The most important effect of that promise of eternal love and fellowship with God is the way it forms how we live today, in the here and now as we await Jesus’ return.  Anticipating the final act of salvation and paying attention to the way God speaks to our hearts, we begin practicing the loving fellowship of Heaven in our lives on earth.  Because we know God is real and is present, we forgive instead of holding grudges.  Because we feel the touch of the Holy Spirit, we are motivated by love, not by selfish desire. 
Paul contrasts citizens of Heaven, followers of Jesus, with those he calls enemies of the cross.  He has certain Christian-persecutors in mind, but we can extend his definition to anyone who is apart from God and has no relationship with Jesus and has not receive forgiveness of sin.  Paul writes that their end is their destruction and their God is their belly.  People apart from God are driven by what satisfies them in life.  Followers of Jesus are convinced that God knows better how to fulfill than we do.  We trust that God’s grace is what we need more than anything else.  This is why Jesus says we “die to self.”  We know God will give life, so we give ourselves to God.
Paul was so convinced of this that he writes in Philippians 1:21,
21 For to me, living is Christ and dying is gain. 22 If I am to live in the flesh, that means fruitful labor for me; and I do not know which I prefer. 23 I am hard pressed between the two: my desire is to depart and be with Christ, for that is far better; 24 but to remain in the flesh is more necessary for you. 25 Since I am convinced of this, I know that I will remain and continue with all of you for your progress and joy in faith, 26 so that I may share abundantly in your boasting in Christ Jesus when I come to you again.

Paul was so acutely aware of the blessings of Heaven, he considered himself a citizen there – not here on earth – and he wanted to depart from here in order to be there.  That was his honest desire.  But that God-awareness also made it crystal clear to Paul what his calling was.  God wanted Paul to plant churches, help people become Christians, and build up the way of Christ in the Roman Empire.  Because he knew of another world, the Heavenly realm, and because his certainty of the reality and goodness of God was unshakable, he devoted his life to establishing communities of love on earth.
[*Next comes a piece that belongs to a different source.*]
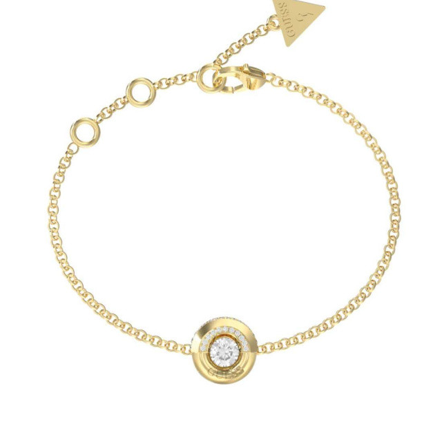 A Guess Majorelle kollekció női karkötője elegáns és nőies kiegészítő, amely finom csillogást kölcsönöz minden megjelenésnek. A sárga arany színű, fényes nemesacél karkötőt csillogó cirkónia kövek díszítik, így tökéletes választás mindennapi viselethez vagy elegáns alkalmakra.

When we inhabit two worlds, we always have hope because we know God is with us, because we know are part of a greater community, and because we know our future is resurrection.
When we inhabit two worlds, we try to do as much good here as we can because we have been and are being transformed into the image of Christ who is the supreme example of perfect compassion, complete forgiveness and mercy, and total love. 
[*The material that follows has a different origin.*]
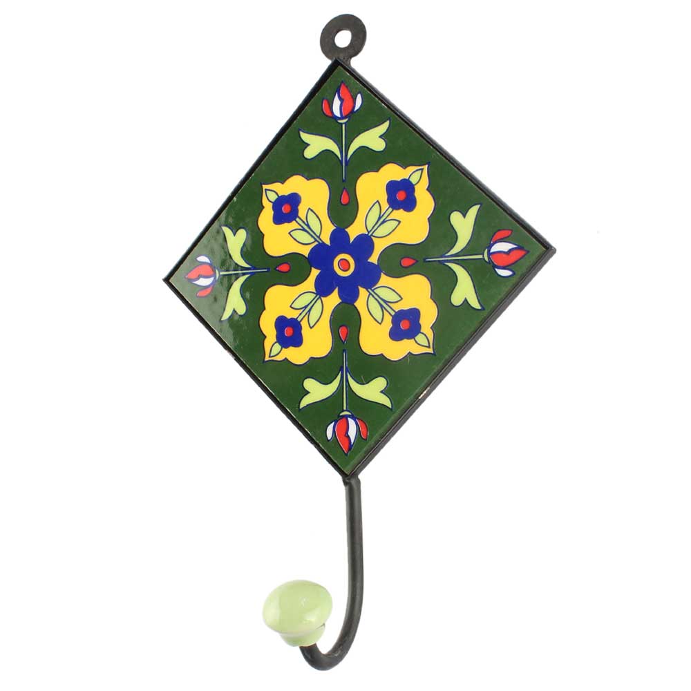 Yellow Floral Ceramic Tile Hook Online. When Put on Wall or Cabinet It is An Art in Itself. The Metal Part of this Hook is Black Powder Coated.

If you are unaware of two world and your life is spent only this one, which is snowy in North Carolina today, I pray that you would come to know Jesus as your Savior.  Ask God to come into your heart, forgive your sins, and open your mind to His presence and love.  When the snow clear, drive to a church and meet the people there.  Find out what they are all about and what it means to have life in Christ.
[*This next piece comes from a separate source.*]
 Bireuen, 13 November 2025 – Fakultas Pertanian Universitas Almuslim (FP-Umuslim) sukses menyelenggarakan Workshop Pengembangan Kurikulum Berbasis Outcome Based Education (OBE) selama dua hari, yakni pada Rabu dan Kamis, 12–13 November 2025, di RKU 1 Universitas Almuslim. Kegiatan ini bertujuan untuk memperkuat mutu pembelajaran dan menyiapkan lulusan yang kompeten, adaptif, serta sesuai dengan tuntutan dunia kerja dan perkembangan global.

If you are aware of two worlds – Heaven and Earth – I pray that today your citizenship in the Heavenly world will form how you live in the earthly one.  Let Christ speak in you.  Be a person of compassion.  Be patient with the world around you.  The world is fallen and is falling away from God.  We in the church are his agents.  Through us He speaks his promise of salvation and redemption.  If you know of the Heavenly realm, let your life speak.  Maybe someone you know is hurting and the healing will begin when they meet Jesus in you.


Thanks for listening everyone.  Wherever you are, I pray you feel God’s blessing today.